▶ [Description of the task] Your answer must be an exact copy of the listing, with the images left out.

▶ [Data below]
· · · · · · ·

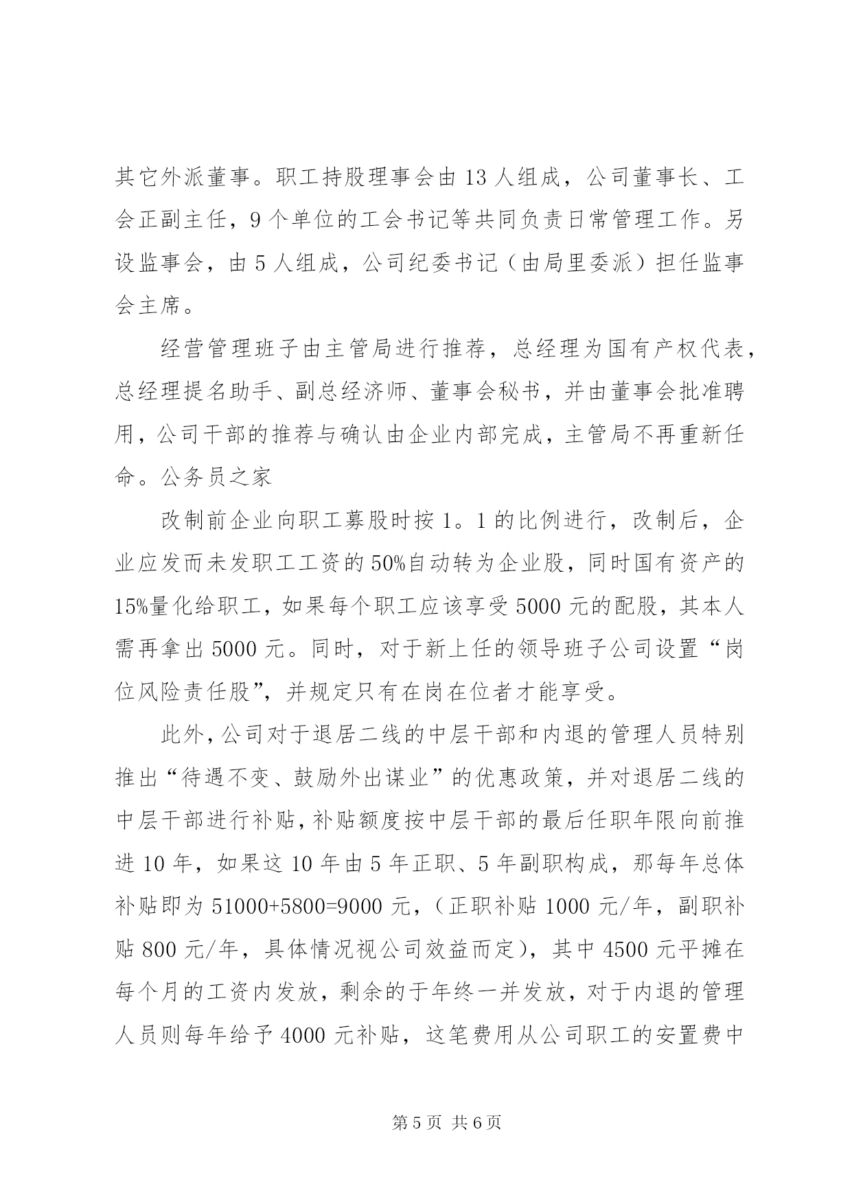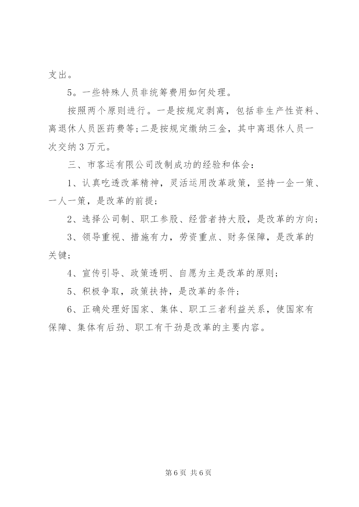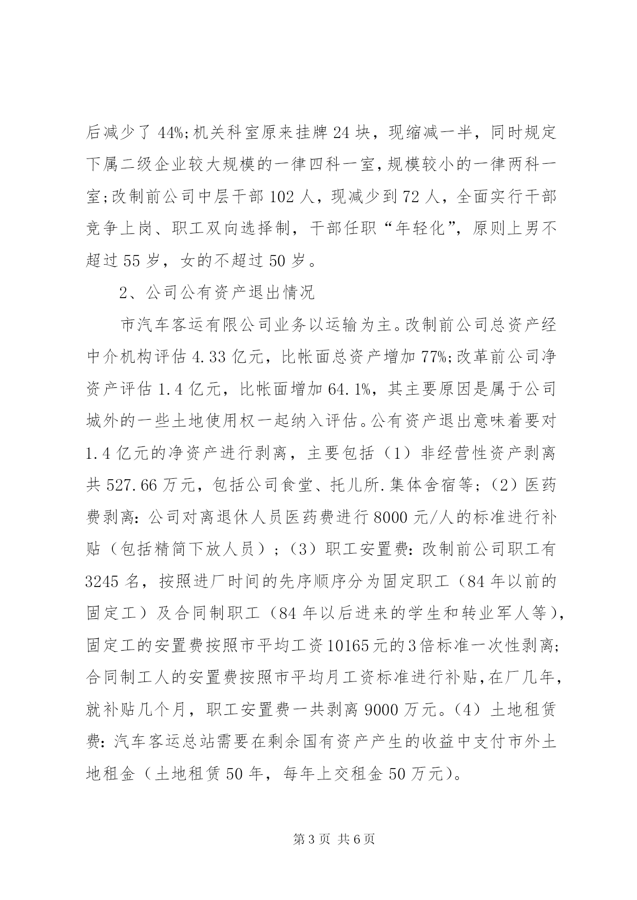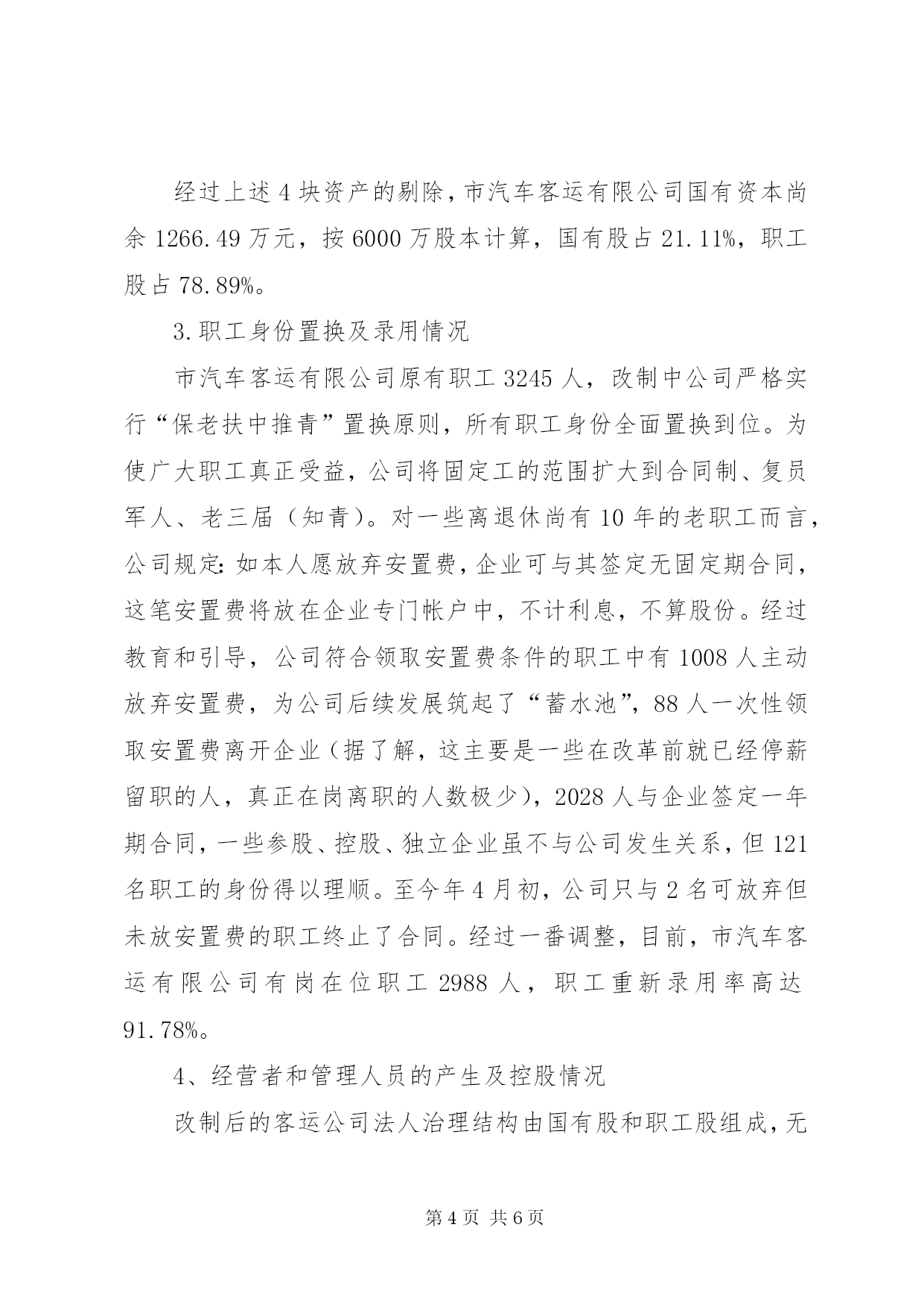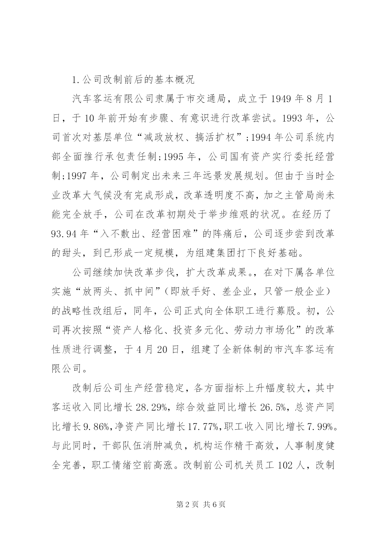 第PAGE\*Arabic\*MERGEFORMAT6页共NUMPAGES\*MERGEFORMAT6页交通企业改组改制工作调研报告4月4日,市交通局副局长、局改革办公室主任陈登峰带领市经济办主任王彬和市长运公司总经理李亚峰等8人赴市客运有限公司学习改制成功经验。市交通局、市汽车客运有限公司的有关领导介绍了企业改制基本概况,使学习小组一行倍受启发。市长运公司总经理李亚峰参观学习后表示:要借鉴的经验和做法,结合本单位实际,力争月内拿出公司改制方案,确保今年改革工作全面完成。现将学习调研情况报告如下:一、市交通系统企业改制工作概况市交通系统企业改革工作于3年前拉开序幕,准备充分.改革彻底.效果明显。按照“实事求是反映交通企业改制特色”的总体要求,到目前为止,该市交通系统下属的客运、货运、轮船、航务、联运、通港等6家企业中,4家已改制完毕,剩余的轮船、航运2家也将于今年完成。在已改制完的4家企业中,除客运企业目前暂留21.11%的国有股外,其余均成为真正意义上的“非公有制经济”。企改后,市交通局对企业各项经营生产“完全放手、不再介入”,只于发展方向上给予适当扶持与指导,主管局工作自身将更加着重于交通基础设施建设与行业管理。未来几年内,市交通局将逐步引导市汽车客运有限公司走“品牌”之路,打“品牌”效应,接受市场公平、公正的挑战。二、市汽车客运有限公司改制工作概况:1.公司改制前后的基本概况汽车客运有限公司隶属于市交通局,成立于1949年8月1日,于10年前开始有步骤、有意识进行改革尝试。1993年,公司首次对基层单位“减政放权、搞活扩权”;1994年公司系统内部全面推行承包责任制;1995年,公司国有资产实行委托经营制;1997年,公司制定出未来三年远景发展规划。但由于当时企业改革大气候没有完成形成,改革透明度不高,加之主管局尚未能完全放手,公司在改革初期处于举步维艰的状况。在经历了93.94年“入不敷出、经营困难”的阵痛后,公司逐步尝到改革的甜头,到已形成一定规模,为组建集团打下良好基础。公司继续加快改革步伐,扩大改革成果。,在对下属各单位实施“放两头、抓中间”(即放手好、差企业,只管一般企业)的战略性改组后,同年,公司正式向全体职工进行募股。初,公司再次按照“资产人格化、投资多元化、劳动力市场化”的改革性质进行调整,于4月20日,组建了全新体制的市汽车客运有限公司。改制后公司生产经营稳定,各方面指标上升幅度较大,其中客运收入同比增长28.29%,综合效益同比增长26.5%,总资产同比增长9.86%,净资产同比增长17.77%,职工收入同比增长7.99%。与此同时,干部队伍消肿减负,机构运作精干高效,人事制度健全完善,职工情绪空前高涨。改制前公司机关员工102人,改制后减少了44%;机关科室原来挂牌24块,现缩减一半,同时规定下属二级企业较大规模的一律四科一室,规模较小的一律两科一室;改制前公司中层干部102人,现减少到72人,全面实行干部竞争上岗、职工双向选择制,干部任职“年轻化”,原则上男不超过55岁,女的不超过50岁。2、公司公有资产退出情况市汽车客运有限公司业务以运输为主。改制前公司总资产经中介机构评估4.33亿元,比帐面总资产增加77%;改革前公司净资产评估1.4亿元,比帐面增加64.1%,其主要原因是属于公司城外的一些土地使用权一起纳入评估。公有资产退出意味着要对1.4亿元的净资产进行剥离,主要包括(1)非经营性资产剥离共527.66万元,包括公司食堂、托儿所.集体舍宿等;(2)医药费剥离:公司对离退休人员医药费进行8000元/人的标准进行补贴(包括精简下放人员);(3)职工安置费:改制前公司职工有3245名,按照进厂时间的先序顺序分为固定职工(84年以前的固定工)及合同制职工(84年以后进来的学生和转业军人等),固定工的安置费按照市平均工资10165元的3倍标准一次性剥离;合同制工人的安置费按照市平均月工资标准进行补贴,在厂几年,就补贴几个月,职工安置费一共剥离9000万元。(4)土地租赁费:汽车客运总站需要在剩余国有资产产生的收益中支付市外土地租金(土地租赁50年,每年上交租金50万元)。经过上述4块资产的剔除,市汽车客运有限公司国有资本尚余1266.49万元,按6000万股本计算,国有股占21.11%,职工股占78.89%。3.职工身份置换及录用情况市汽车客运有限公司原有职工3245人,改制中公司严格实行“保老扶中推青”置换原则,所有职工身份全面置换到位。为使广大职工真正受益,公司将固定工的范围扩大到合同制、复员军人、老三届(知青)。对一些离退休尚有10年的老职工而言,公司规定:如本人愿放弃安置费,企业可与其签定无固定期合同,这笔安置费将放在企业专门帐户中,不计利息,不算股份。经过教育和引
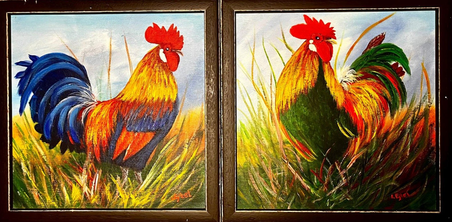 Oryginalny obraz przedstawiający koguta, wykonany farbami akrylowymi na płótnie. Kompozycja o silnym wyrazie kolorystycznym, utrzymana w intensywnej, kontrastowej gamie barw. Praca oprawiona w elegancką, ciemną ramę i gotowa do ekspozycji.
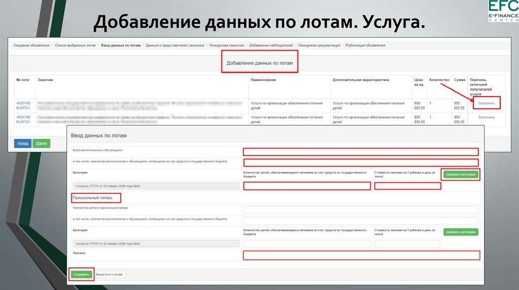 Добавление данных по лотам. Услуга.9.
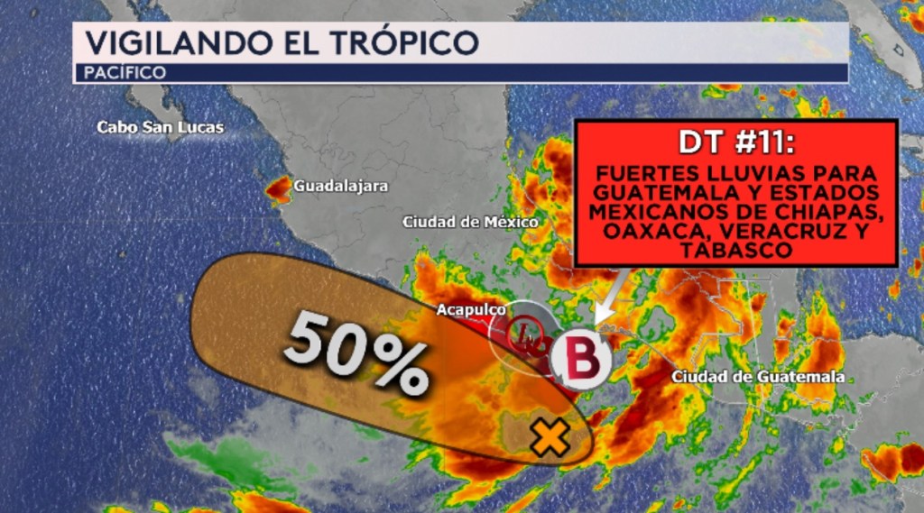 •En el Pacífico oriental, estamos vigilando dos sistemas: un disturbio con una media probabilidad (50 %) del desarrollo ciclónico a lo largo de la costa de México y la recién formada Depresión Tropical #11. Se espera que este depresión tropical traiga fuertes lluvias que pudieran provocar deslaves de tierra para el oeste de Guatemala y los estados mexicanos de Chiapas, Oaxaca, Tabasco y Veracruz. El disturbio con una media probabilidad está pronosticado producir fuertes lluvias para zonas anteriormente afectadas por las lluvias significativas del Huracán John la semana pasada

· · · · · · ·

▶ [Written response]
 第PAGE\*Arabic\*MERGEFORMAT6页共NUMPAGES\*MERGEFORMAT6页交通企业改组改制工作调研报告4月4日,市交通局副局长、局改革办公室主任陈登峰带领市经济办主任王彬和市长运公司总经理李亚峰等8人赴市客运有限公司学习改制成功经验。市交通局、市汽车客运有限公司的有关领导介绍了企业改制基本概况,使学习小组一行倍受启发。市长运公司总经理李亚峰参观学习后表示:要借鉴的经验和做法,结合本单位实际,力争月内拿出公司改制方案,确保今年改革工作全面完成。现将学习调研情况报告如下:一、市交通系统企业改制工作概况市交通系统企业改革工作于3年前拉开序幕,准备充分.改革彻底.效果明显。按照“实事求是反映交通企业改制特色”的总体要求,到目前为止,该市交通系统下属的客运、货运、轮船、航务、联运、通港等6家企业中,4家已改制完毕,剩余的轮船、航运2家也将于今年完成。在已改制完的4家企业中,除客运企业目前暂留21.11%的国有股外,其余均成为真正意义上的“非公有制经济”。企改后,市交通局对企业各项经营生产“完全放手、不再介入”,只于发展方向上给予适当扶持与指导,主管局工作自身将更加着重于交通基础设施建设与行业管理。未来几年内,市交通局将逐步引导市汽车客运有限公司走“品牌”之路,打“品牌”效应,接受市场公平、公正的挑战。二、市汽车客运有限公司改制工作概况:1.公司改制前后的基本概况汽车客运有限公司隶属于市交通局,成立于1949年8月1日,于10年前开始有步骤、有意识进行改革尝试。1993年,公司首次对基层单位“减政放权、搞活扩权”;1994年公司系统内部全面推行承包责任制;1995年,公司国有资产实行委托经营制;1997年,公司制定出未来三年远景发展规划。但由于当时企业改革大气候没有完成形成,改革透明度不高,加之主管局尚未能完全放手,公司在改革初期处于举步维艰的状况。在经历了93.94年“入不敷出、经营困难”的阵痛后,公司逐步尝到改革的甜头,到已形成一定规模,为组建集团打下良好基础。公司继续加快改革步伐,扩大改革成果。,在对下属各单位实施“放两头、抓中间”(即放手好、差企业,只管一般企业)的战略性改组后,同年,公司正式向全体职工进行募股。初,公司再次按照“资产人格化、投资多元化、劳动力市场化”的改革性质进行调整,于4月20日,组建了全新体制的市汽车客运有限公司。改制后公司生产经营稳定,各方面指标上升幅度较大,其中客运收入同比增长28.29%,综合效益同比增长26.5%,总资产同比增长9.86%,净资产同比增长17.77%,职工收入同比增长7.99%。与此同时,干部队伍消肿减负,机构运作精干高效,人事制度健全完善,职工情绪空前高涨。改制前公司机关员工102人,改制后减少了44%;机关科室原来挂牌24块,现缩减一半,同时规定下属二级企业较大规模的一律四科一室,规模较小的一律两科一室;改制前公司中层干部102人,现减少到72人,全面实行干部竞争上岗、职工双向选择制,干部任职“年轻化”,原则上男不超过55岁,女的不超过50岁。2、公司公有资产退出情况市汽车客运有限公司业务以运输为主。改制前公司总资产经中介机构评估4.33亿元,比帐面总资产增加77%;改革前公司净资产评估1.4亿元,比帐面增加64.1%,其主要原因是属于公司城外的一些土地使用权一起纳入评估。公有资产退出意味着要对1.4亿元的净资产进行剥离,主要包括(1)非经营性资产剥离共527.66万元,包括公司食堂、托儿所.集体舍宿等;(2)医药费剥离:公司对离退休人员医药费进行8000元/人的标准进行补贴(包括精简下放人员);(3)职工安置费:改制前公司职工有3245名,按照进厂时间的先序顺序分为固定职工(84年以前的固定工)及合同制职工(84年以后进来的学生和转业军人等),固定工的安置费按照市平均工资10165元的3倍标准一次性剥离;合同制工人的安置费按照市平均月工资标准进行补贴,在厂几年,就补贴几个月,职工安置费一共剥离9000万元。(4)土地租赁费:汽车客运总站需要在剩余国有资产产生的收益中支付市外土地租金(土地租赁50年,每年上交租金50万元)。经过上述4块资产的剔除,市汽车客运有限公司国有资本尚余1266.49万元,按6000万股本计算,国有股占21.11%,职工股占78.89%。3.职工身份置换及录用情况市汽车客运有限公司原有职工3245人,改制中公司严格实行“保老扶中推青”置换原则,所有职工身份全面置换到位。为使广大职工真正受益,公司将固定工的范围扩大到合同制、复员军人、老三届(知青)。对一些离退休尚有10年的老职工而言,公司规定:如本人愿放弃安置费,企业可与其签定无固定期合同,这笔安置费将放在企业专门帐户中,不计利息,不算股份。经过教育和引
 Oryginalny obraz przedstawiający koguta, wykonany farbami akrylowymi na płótnie. Kompozycja o silnym wyrazie kolorystycznym, utrzymana w intensywnej, kontrastowej gamie barw. Praca oprawiona w elegancką, ciemną ramę i gotowa do ekspozycji.
 Добавление данных по лотам. Услуга.9.
 •En el Pacífico oriental, estamos vigilando dos sistemas: un disturbio con una media probabilidad (50 %) del desarrollo ciclónico a lo largo de la costa de México y la recién formada Depresión Tropical #11. Se espera que este depresión tropical traiga fuertes lluvias que pudieran provocar deslaves de tierra para el oeste de Guatemala y los estados mexicanos de Chiapas, Oaxaca, Tabasco y Veracruz. El disturbio con una media probabilidad está pronosticado producir fuertes lluvias para zonas anteriormente afectadas por las lluvias significativas del Huracán John la semana pasada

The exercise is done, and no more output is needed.